Children’s diets improve outside the schoolhouse when their schools adopt healthy nutrition policies and practices that emphasize whole grains, fruits and vegetables.
According to new research published in the current issue of Childhood Obesity, when schools made snacks available that were mostly or entirely healthful, students’ overall diet improved.
The U.S. Department of Agriculture will ask schools to implement its Smart Snacks nutrition standards on July 1, 2014. Those recommendations will set limits on calories, salt, sugar and fat in foods and beverages, as well as promote snack foods with more whole grains, low-fat dairy, fruits and vegetables.
In the study, team of researchers at Michigan State University (MSU) tested standards similar to the USDA’s new requirements and demonstrated the new standards have the potential to improve students’ overall eating habits.
For example, schools that offered healthful snacks a la carte at lunchtime or in vending programs boosted their students’ overall daily consumption of fruit by 26 percent, vegetables by 14 percent and whole grains by 30 percent. Students also increased their consumption of fiber, calcium, and vitamins A and C.

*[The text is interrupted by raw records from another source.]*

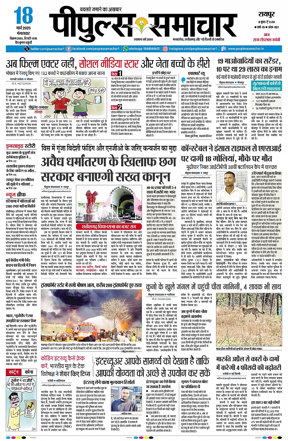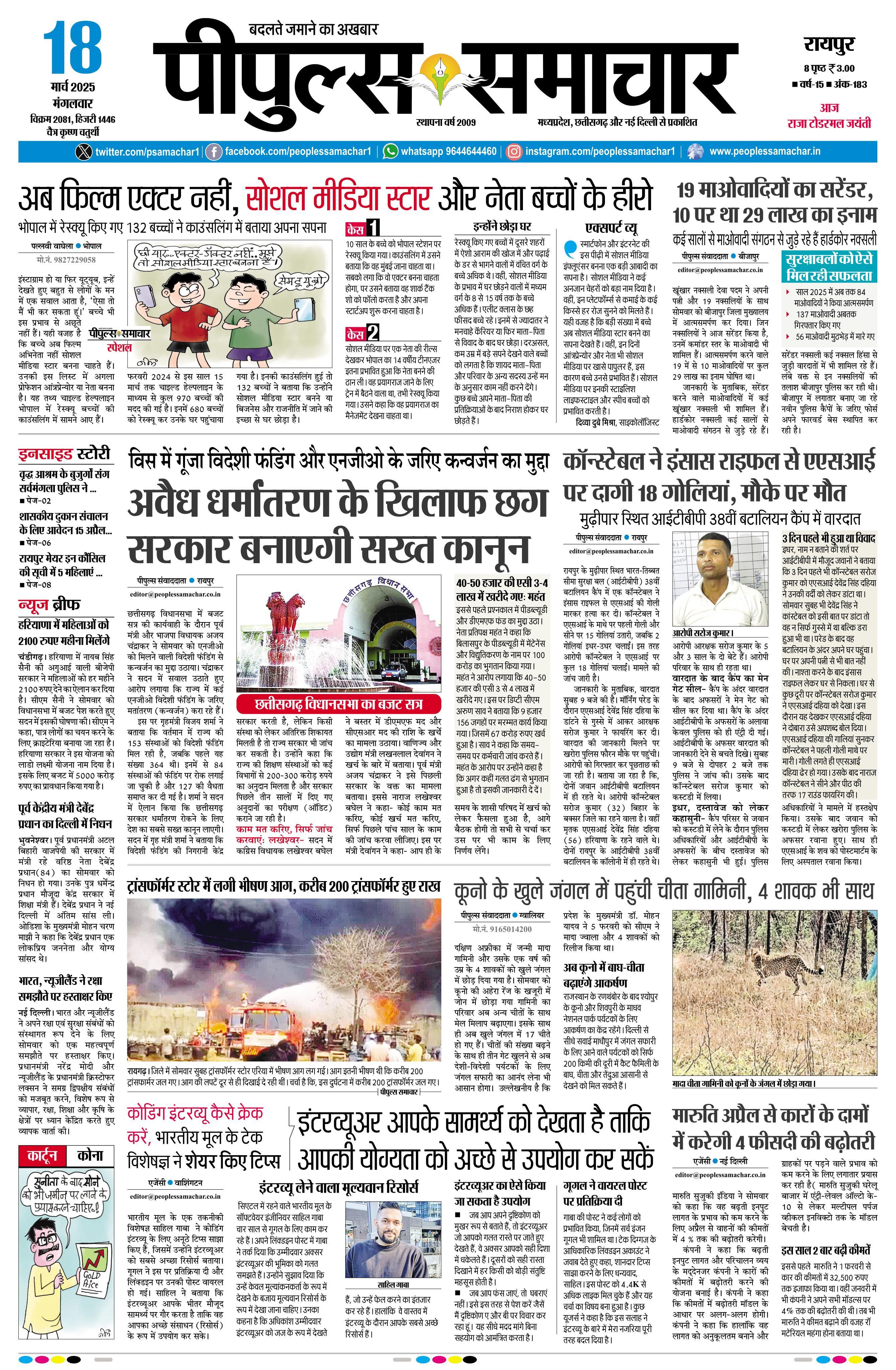 रायपुर March 18, 2025 << First << 1 >> Last >> Page 1Page 2Page 3Page 4Page 5Page 6Page 7Page 8Page 9 × रायपुर << First << 1 >> Last >> Page1Page2Page3Page4Page5Page6Page7Page8Page9 Page1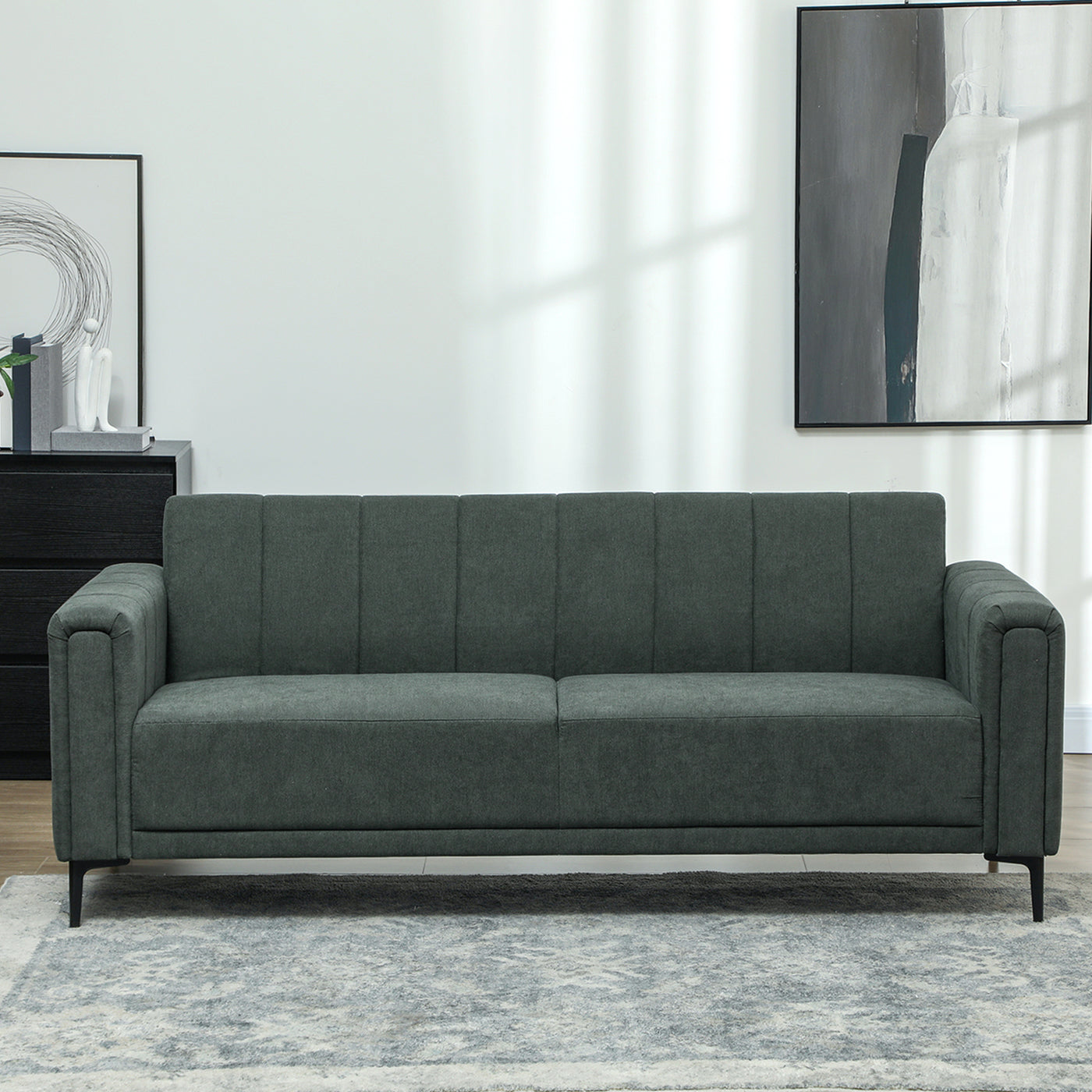 HOMCOM Three Seater Sofa Full Size Channel Tufted For Home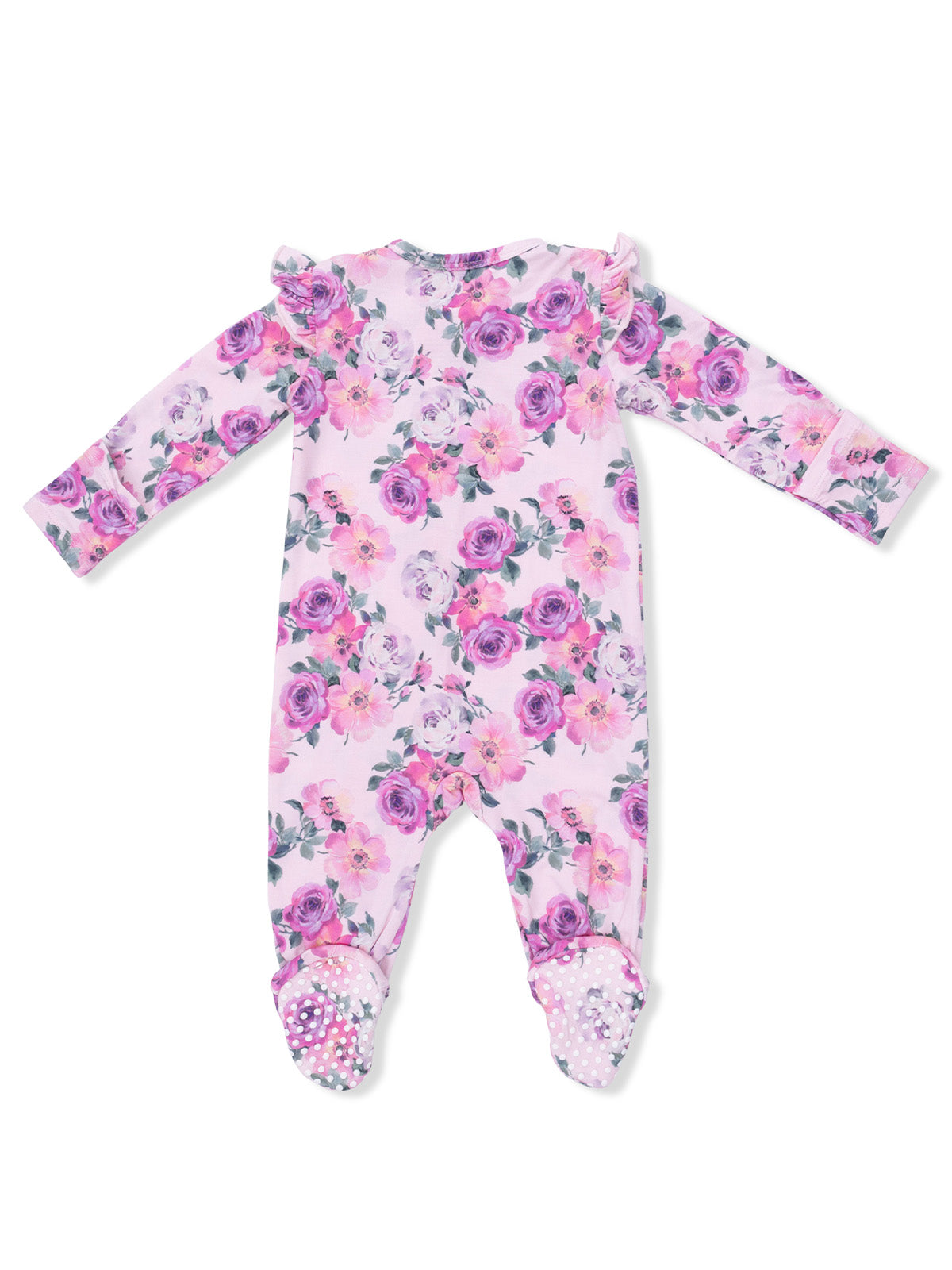 2-Way Zip Ruffle Sleeve Footie, Rose Abundance

“When healthful food options are offered, students will select them, eat them and improve their diet,” said lead researcher Katherine Alaimo, MSU associate professor of food, science and human nutrition. “Our study shows that schools can make the kinds of changes required by the forthcoming USDA guidelines and these changes can have a positive impact on children’s nutrition.”

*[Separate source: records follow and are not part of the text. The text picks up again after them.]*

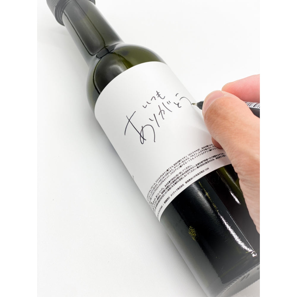 温かみのあるメッセージが書き込めるラベル、ワインのような洗礼されたデザインで感動と驚きのひとトキをお楽しみ下さい。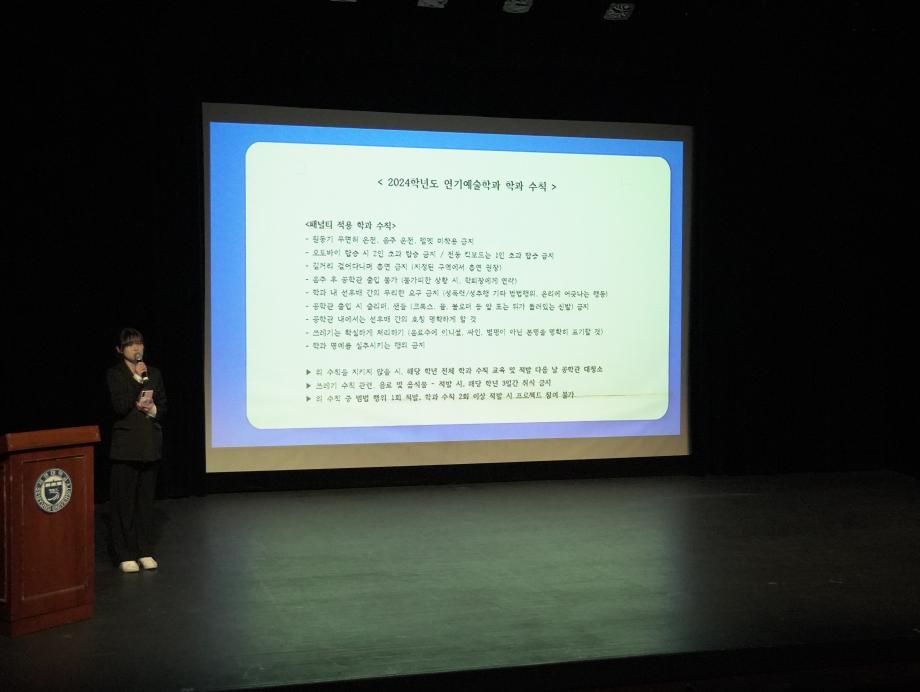 본문 시작 홈으로 학과소개 학과소개 입학정보 교수소개 학과과정 커뮤니티 공연예매 안내 홈페이지가이드 학과행사 학과개요 학과장인사말 학과연혁 세명대학교 민송아트홀 학과행사 진로 학과행사 페이스북 트위터 프린트 2024년 세명대학교 연기예술학과 개강총회 연기예술학과 2403 2024-03-20 안녕하십니까.제 16대 연기예술학과 학생회 품 입니다. 연기예술학과 1학기 개강총회가 지난 3월 14일에 진행됐습니다. 교수님의 말씀과 예산안, 복학생 소개 등을 진행했습니다. - 2024년 1학기 개강총회에 참석해주신 모든 분들께 감사의 인사를 드리며, 앞으로 더 활발하고 소통이 많은 연기예술학과가 되도록 노력하겠습니다. 목록 이전2024년 세명대학교 꿈 설계 학기 다음 2024 세명대학교 연기예술학과 1학기 맞이 대청소 영상 숏츠 만족도조사 만족도 조사 이 페이지에서 제공하는 정보에 대하여 만족하시나요? 매우만족 만족 보통 불만족 매우불만족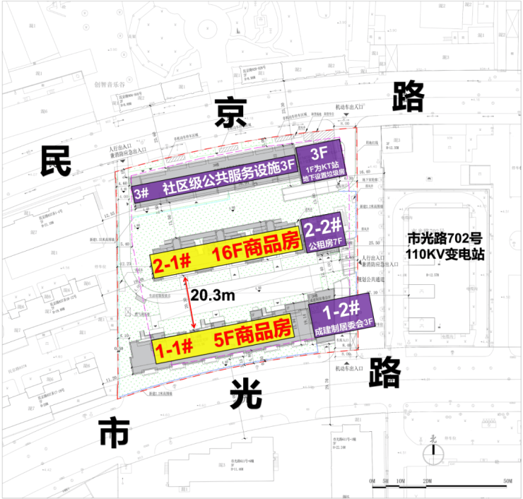 项目四至范围:东至002-06地块、南至市光路、西至居民小区、北至民京路。项目总用地面积约7458.94平方米,容积率2.3,计容面积约17155.56平方米。装标3000元/m²(集采价)。
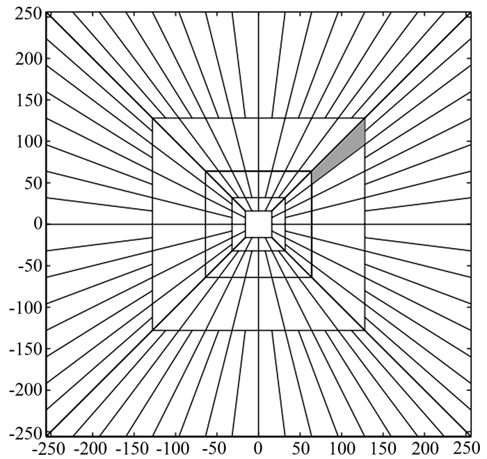 图 3 离散曲波变换频率域区域分块(Candès et al., 2006a) Fig. 3 Subdivision of the discrete Curvelet transform frequency domain (Candès et al., 2006a) |

The researchers also compared schools that adopted a variety of nutrition programs and policies. Some schools made limited changes, while others implemented more comprehensive programs to assess and improve the school’s nutrition environment.

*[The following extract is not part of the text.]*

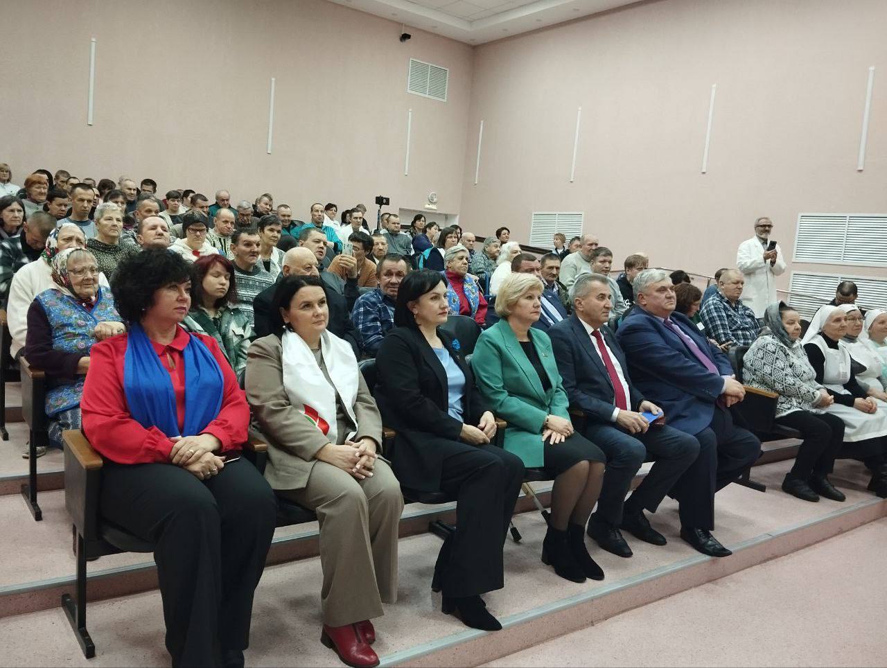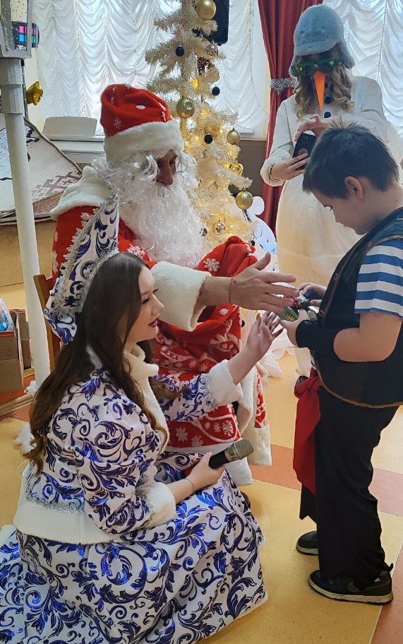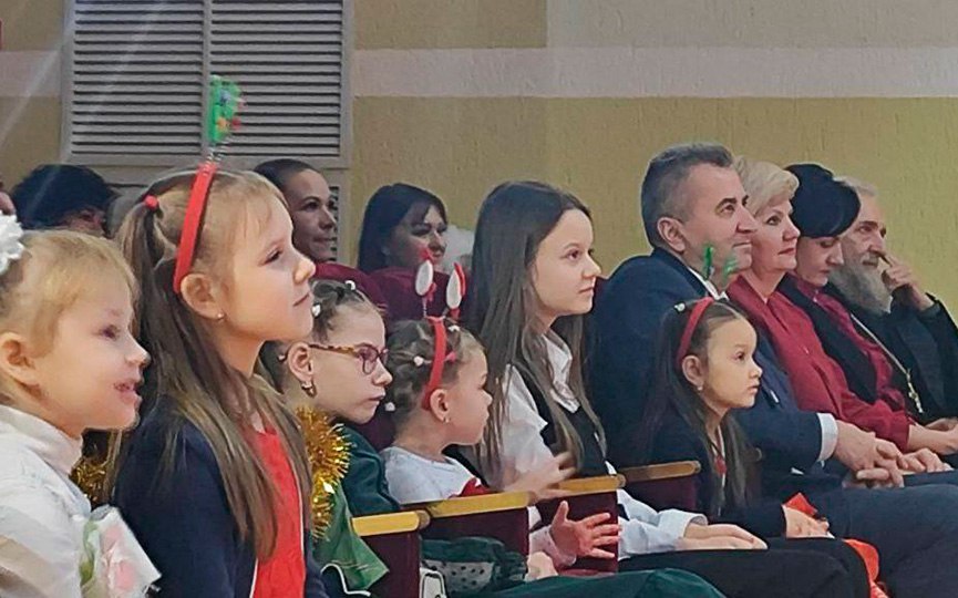 В Доме культуры агрогородка Мирного на праздничное представление собрались особенные детки со своими родителями. Приехали поздравить ребят с наступающими праздниками заместитель председателя Барановичского райисполкома Михаил Борисевич, начальник управления по труду, занятости и социальной защите райисполкома Светлана Денищик, заместитель начальника управления Светлана Жук, директор ТЦСОН Барановичского района Снежана Мороз, отец Геннадий.

Changes schools made included raising nutrition standards for snacks and beverages, offering taste tests of healthful foods and beverages to students, marketing healthful foods in school and removing advertisements of unhealthful foods. Students’ overall diets improved when schools implemented three or more new nutrition practices or policies.
“Creating school environments where the healthy choice is the easy choice allows students to practice lessons learned in the classroom and form good habits at an early age, laying a foundation for a healthy future,” said Shannon Carney Oleksyk, contributing author and healthy living adviser for Blue Cross Blue Shield of Michigan.